Dentro il Pse per cambiare il partito e l’Europa: le dichiarazioni di Matteo Renzi sono sempre ambiziose, quale che ne sia il contesto. Il segretario del Pd scioglie, a parole, il nodo dell’adesione dei democratici al Partito socialista europeo, che s’era ingarbugliato, tra pro, contro e reticenze, nella stagione delle primarie.

Il mese prossimo, il 18 e 19 febbraio, Renzi si recherà a Bruxelles insieme alla responsabile Europa e Esteri del Pd Federica Mogherini, che è già stata in avanscoperta a sondare il terreno e che tornerà nella capitale Ue la prossima settimana.

E il 28 febbraio e 1º marzo il Pd ospiterà a Roma il congresso del Pse: lancio della campagna per le europee e ufficializzazione della candidatura del presidente del Parlamento europeo Martin Schulz, socialdemocratico tedesco, alla presidenza della Commissione europea.

Il sì di Renzi all’adesione del Pd al Pse rispecchia la posizione già espressa dal suo predecessore Guglielmo Epifani, che aveva impegnato il partito a sostenere la candidatura di Schulz.

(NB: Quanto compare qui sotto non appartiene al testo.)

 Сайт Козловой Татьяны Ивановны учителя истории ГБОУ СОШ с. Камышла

Prima di andare a Bruxelles, Renzi, tuttavia, intende dedicare una direzione ad hoc al tema, perché – dice – “credo sia doveroso e naturale che se ne discuta”.

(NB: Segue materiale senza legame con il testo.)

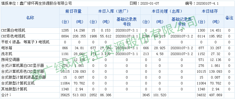 2020.01.07回收拆解統(tǒng)計(jì)表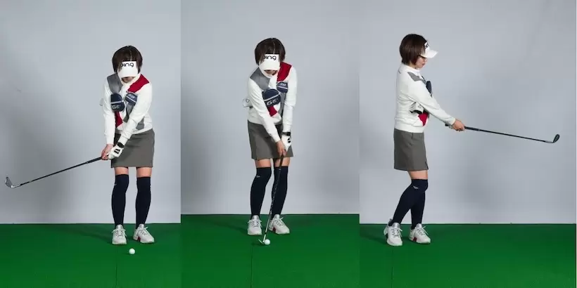 フォローからフィニッシュでも手がリード。手元が体から遠く離れてワキが空く格好になっていた。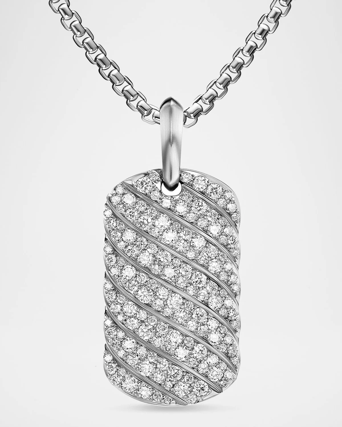 - Sterling silver - Pave-set diamonds, 3.31 total carat weight - Tag, 35 x 20.3mm - Total length, 43mm - Tag only; chain not included - Imported - Care Instructions: - Use the provided polishing cloth to gently wipe this item clean, then remove any remaining tarnish with mild diluted soap. Rinse with warm water, dry with a clean towel and store it in its jewelry pouch. - Please note: - Styles featuring meteorite should not be exposed to water.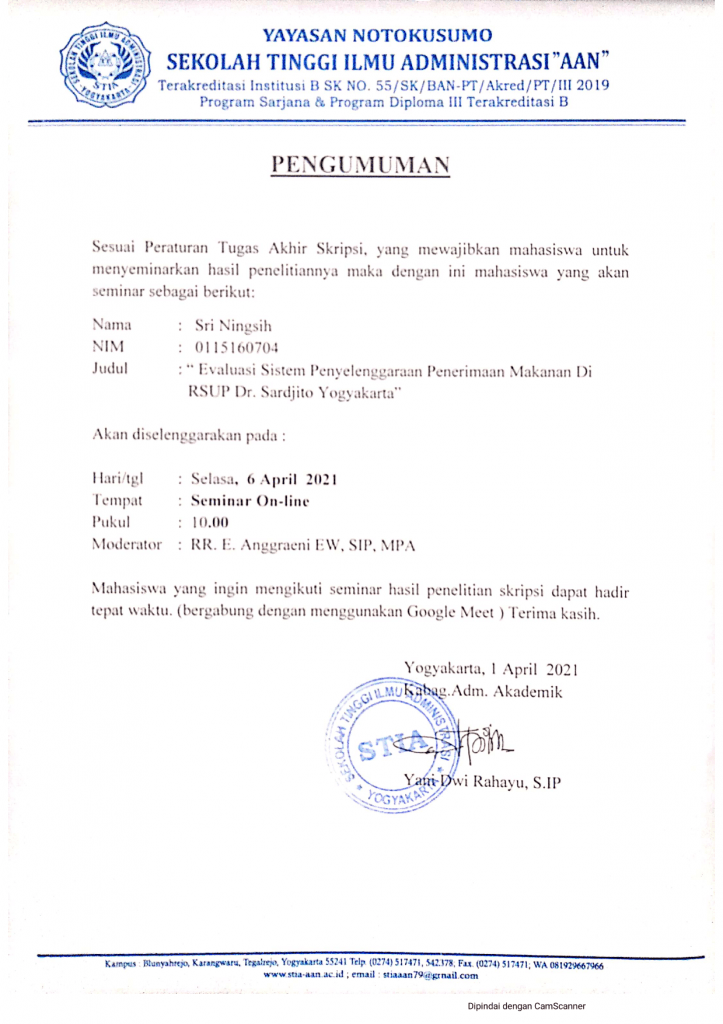 Link GMeet Seminar Hasil Penelitian Skripsi :Hari Selasa 6 April 2021Pukul 10:00 WIB https://meet.google.com/ugu-txfw-eaz Atas nama Sri NingsihModerator : RR. E. Anggraeni EW , SIP,MPAHost : Akademik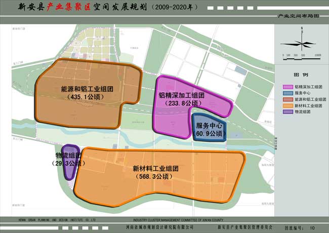 新安縣產(chǎn)業(yè)集聚區(qū)位于新安縣城西部,距縣城中心區(qū)約1公里,規(guī)劃總用地約17.8平方公里。主導(dǎo)產(chǎn)業(yè)選擇為鋁金屬精深加工產(chǎn)業(yè)和以鎂合金、鈦合金等為主的新材料產(chǎn)業(yè)。產(chǎn)業(yè)空間布局為“一心、四組團(tuán)”的總體空間格局?!耙恍摹睘榫C合服務(wù)中心,“四組團(tuán)”為能源和鋁工業(yè)組團(tuán)、鋁精深加工組團(tuán)、新材料工業(yè)組團(tuán)以及倉(cāng)儲(chǔ)物流組團(tuán)。該區(qū)功能定位是: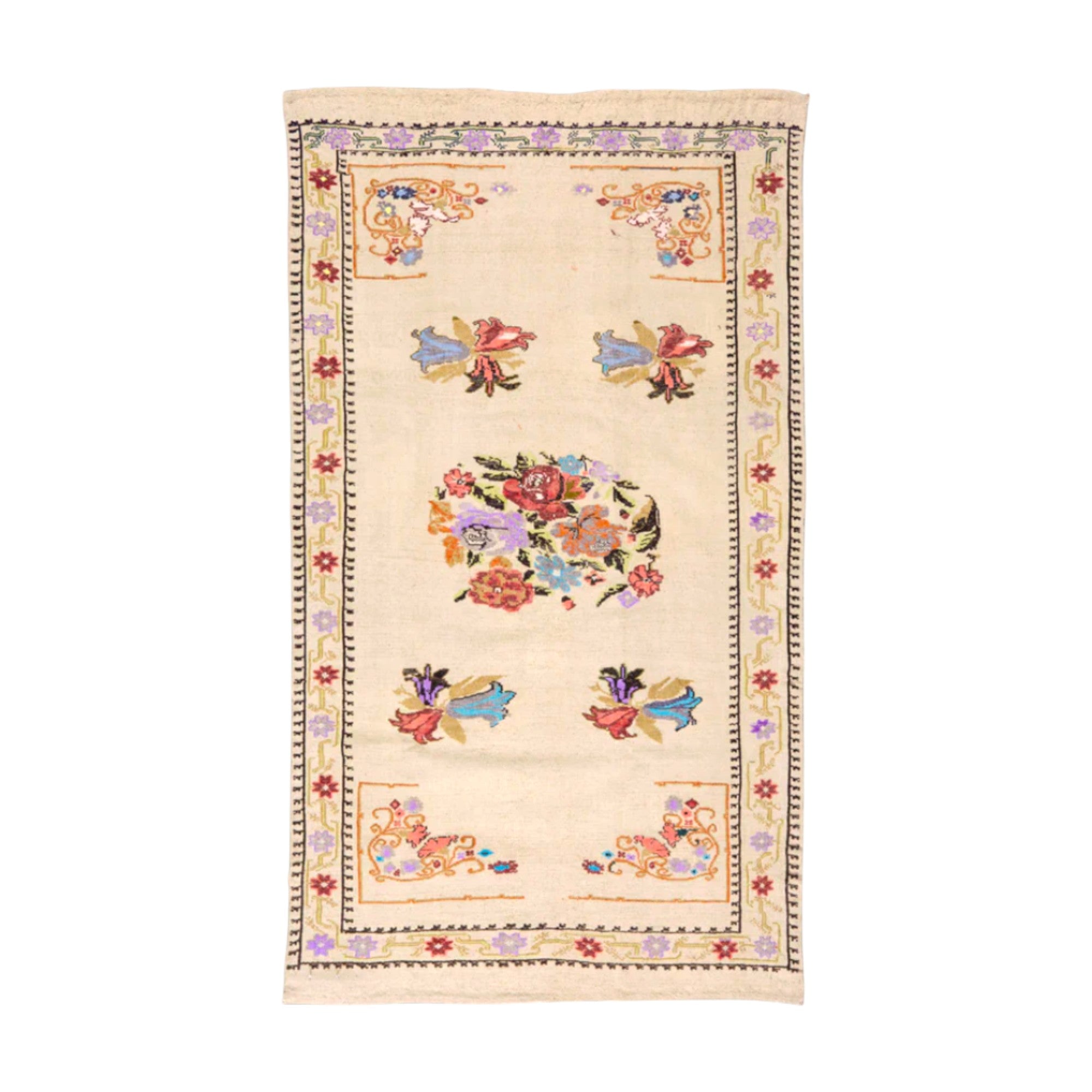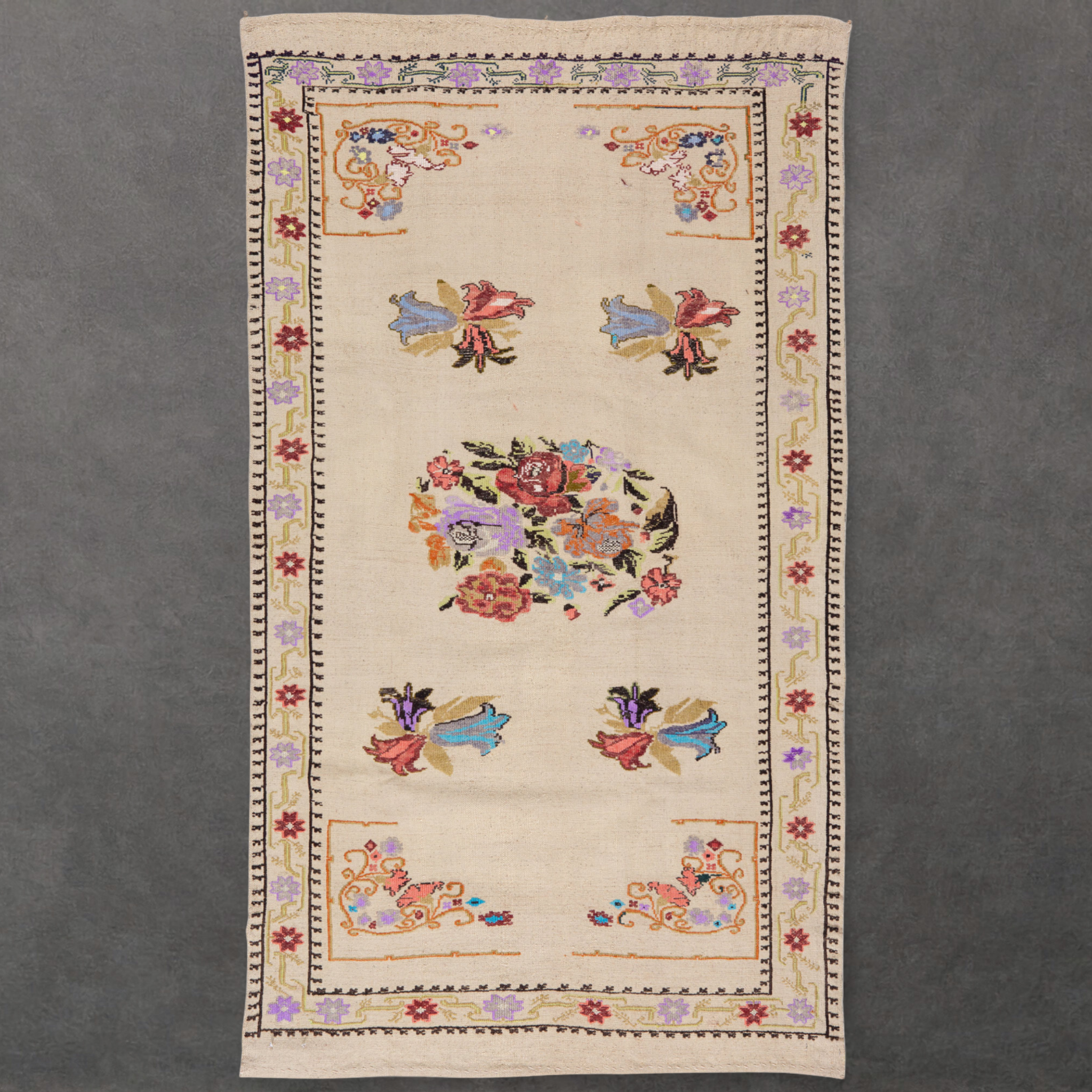 Handwoven in Turkey circa 1980, this kilim rug is worked in handspun wool with embroidered floral motifs arranged across a restrained, symmetrical field. The composition reflects regional decorative traditions, combining flatwoven structure with needlework detailing that adds surface articulation without disrupting the underlying weave. The palette remains softly balanced, allowing the embroidery to read as ornament rather than excess. It brings pattern, history, and quiet visual rhythm into a space without dominating it.

I più europeisti della sua squadra non s’accontentano di parole e vogliono fatti. La Mogherini, secondo cui “l’Europa non è un capitolo degli Esteri, ma piuttosto della politica interna”, sostiene che “una cessione di sovranità economica all’Unione europea è, in realtà, un recupero di sovranità”, rispetto alla perdita di sovranità cui la dimensione nazionale condannerebbe i singoli Stati Ue nell’era della globalizzazione.

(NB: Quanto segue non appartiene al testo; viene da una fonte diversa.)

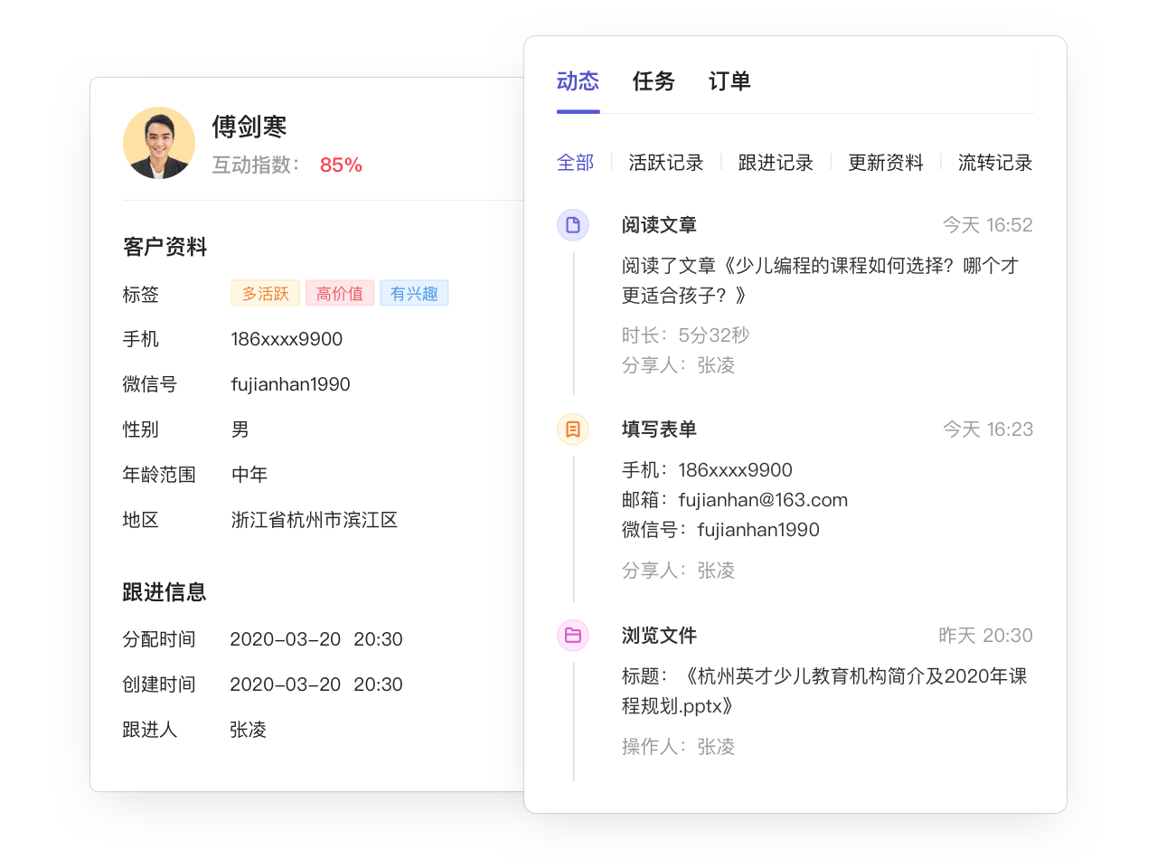 通过互客提供的 CRM 组件,帮你沉淀客户数据资产,高效管理每一个客户。互客 CRM 中不仅记录了客户资料,还按时间轴记录了客户旅程,让你更加了解每个客户
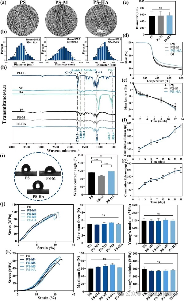将MDP1和HA分别掺入PLCL和SF中,并使用SEM观察形貌、TGA分析热稳定性、FTIR验证成分、水接触角测试亲水性、Instron 测定力学性能(支架 Young’s 模量约 278.59 MPa,接近天然肌腱)。

Per la Mogherini, presidente della delegazione parlamentare italiana all’Assemblea atlantica, proprio la crisi ha dato piena consapevolezza all’opinione pubblica che le scelte fatte a Bruxelles contano. Il fatto che molte scelte siano state sbagliate, oltre che impopolari, ha però peggiorato percezioni e giudizi sull’integrazione europea.

In vista delle elezioni europee (22 e 25 maggio) e della presidenza di turno italiana del Consiglio dell’Ue (2° semestre), Sandro Gozi è fra i ‘renziani’ che ‘mordono il freno’: l’ex collaboratore di Romano Prodi quand’era presidente della Commissione europea confida agli ex allievi del Collegio di Bruges di essere stufo della retorica e dell’ottimismo europei di facciata dell’attuale governo e vuole dare concretezza allo spartiacque che, per il presidente della Repubblica Giorgio Napolitano, le elezioni segneranno tra il rigore e la crescita.

Spinelli, 30 anni dopo, fermenti tra Roma e Strasburgo
Una sortita italiana per rilanciare l’integrazione europea e un dibattito a Roma fra candidati alla presidenza della Commissione: entrambe le iniziative potrebbero concretizzarsi tra il 22 e il 25 marzo. Se ne parla, nel calderone dei progetti intorno al 30º anniversario dell’anniversario dell’approvazione a Strasburgo, da parte del Parlamento, del progetto di Trattato per l’Unione europea concepito da Altiero Spinelli e votato, a larga maggioranza, il 14 febbraio 1984.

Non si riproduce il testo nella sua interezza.